## INSTRUCTIONS FOR THE TASK
Once the pictures have been set aside, copy every remaining entry exactly.

Extracted records:
>>

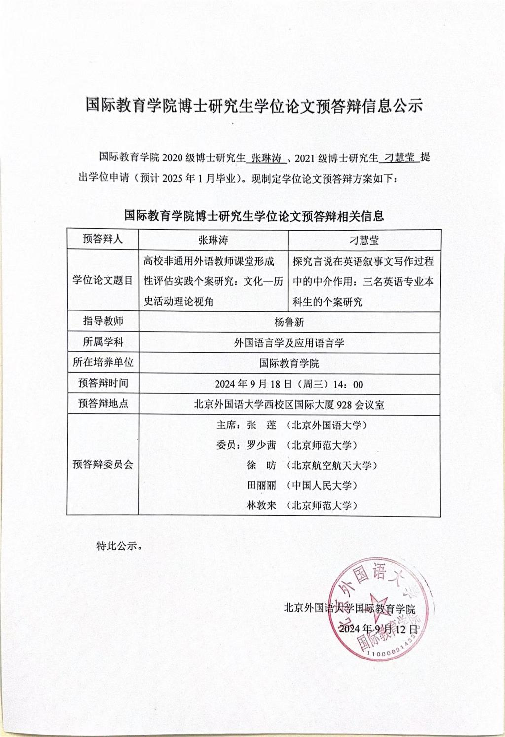 国际yl9193永利集团博士研究生学位论文预答辩信息公示
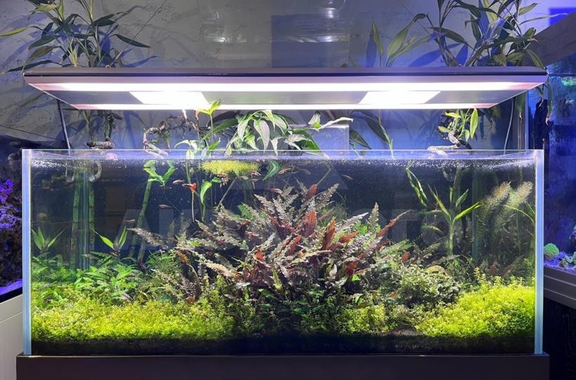 Для того, чтобы такое количество растений процветало, в аквариуме установлено специальное освещение. В компании с растениями живут несколько видов креветок: Амано, вишневые красные, и рыбы кардиналы и гуппи.
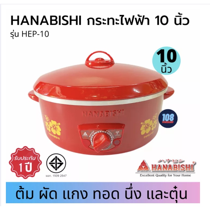 HANABISHI กระทะไฟฟ้า รุ่น HEP-10 (ขนาด10"ไม่มีซึ้ง) กระทะไฟฟ้า กะทะไฟฟ้า กระทะไฟฟ้าเอนก หม้อสุกี้ไฟฟ้า หม้อชาบูไฟฟ้า
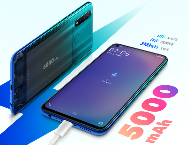 vivo Z5x是vivo於5月24日發布的一款主打性價比的Z系列新品,目前屬於千元機中的銷量王。從外觀來看,vivo Z5x配備了一塊6.53英寸、解析度為2340*1080的屏幕。同時首次將打孔屏引入到千元機上,極點孔徑僅有4.59mm,屏佔比達到了90.77%。此外,vivo Z5x擁有幻影黑、極夜黑和極光色三種配色。
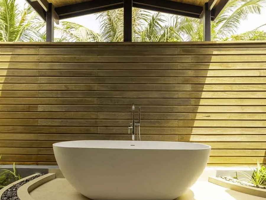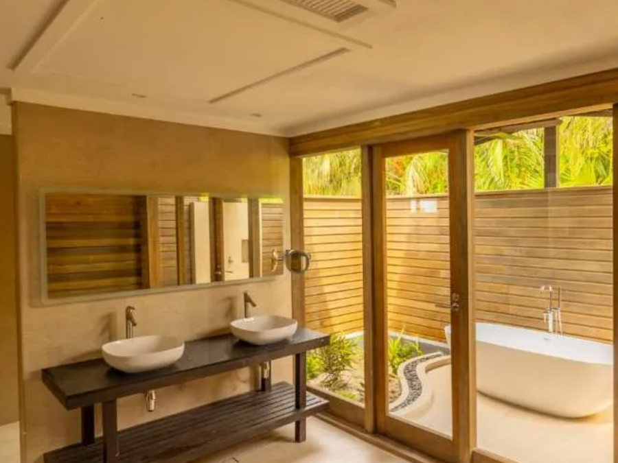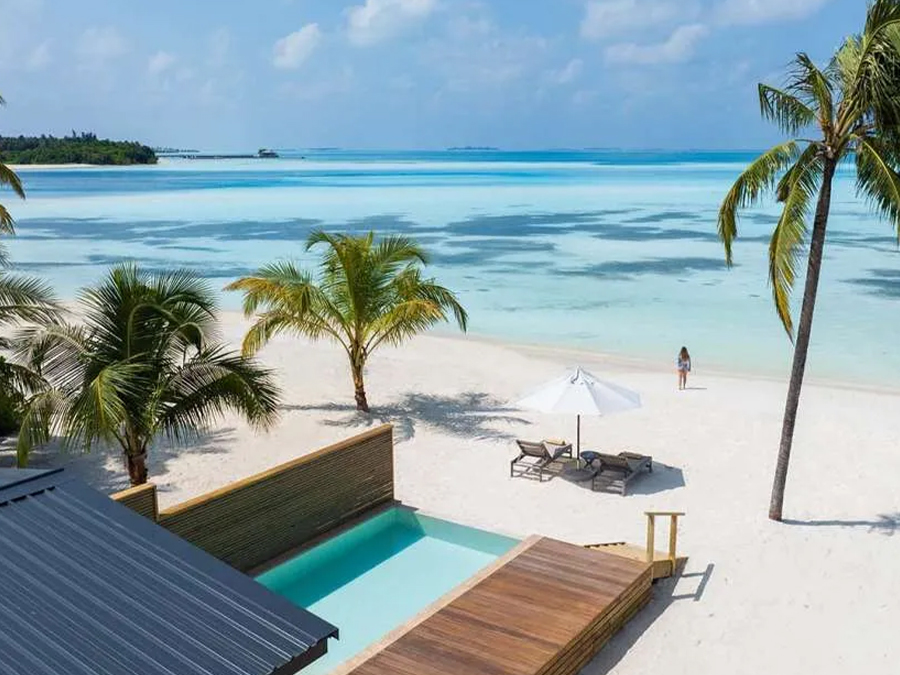平方米,配备私人无边泳池,可观赏日落景致。别墅可直接通往海滩,兼具隐私性与放松感,适合热带奢华度假。每间均享全景海景,现代内饰融合奢华与热带风格,设有特大床主卧套房、时尚休息室、设备齐全的厨房,以及带步入式淋浴间和浴缸的浴室。宽敞露台配有日光躺椅和遮阳亭,可在此享用鸡尾酒、户外用餐或观星。

<<

## EXERCISE ANSWER
 国际yl9193永利集团博士研究生学位论文预答辩信息公示
 Для того, чтобы такое количество растений процветало, в аквариуме установлено специальное освещение. В компании с растениями живут несколько видов креветок: Амано, вишневые красные, и рыбы кардиналы и гуппи.
 HANABISHI กระทะไฟฟ้า รุ่น HEP-10 (ขนาด10"ไม่มีซึ้ง) กระทะไฟฟ้า กะทะไฟฟ้า กระทะไฟฟ้าเอนก หม้อสุกี้ไฟฟ้า หม้อชาบูไฟฟ้า
 vivo Z5x是vivo於5月24日發布的一款主打性價比的Z系列新品,目前屬於千元機中的銷量王。從外觀來看,vivo Z5x配備了一塊6.53英寸、解析度為2340*1080的屏幕。同時首次將打孔屏引入到千元機上,極點孔徑僅有4.59mm,屏佔比達到了90.77%。此外,vivo Z5x擁有幻影黑、極夜黑和極光色三種配色。
平方米,配备私人无边泳池,可观赏日落景致。别墅可直接通往海滩,兼具隐私性与放松感,适合热带奢华度假。每间均享全景海景,现代内饰融合奢华与热带风格,设有特大床主卧套房、时尚休息室、设备齐全的厨房,以及带步入式淋浴间和浴缸的浴室。宽敞露台配有日光躺椅和遮阳亭,可在此享用鸡尾酒、户外用餐或观星。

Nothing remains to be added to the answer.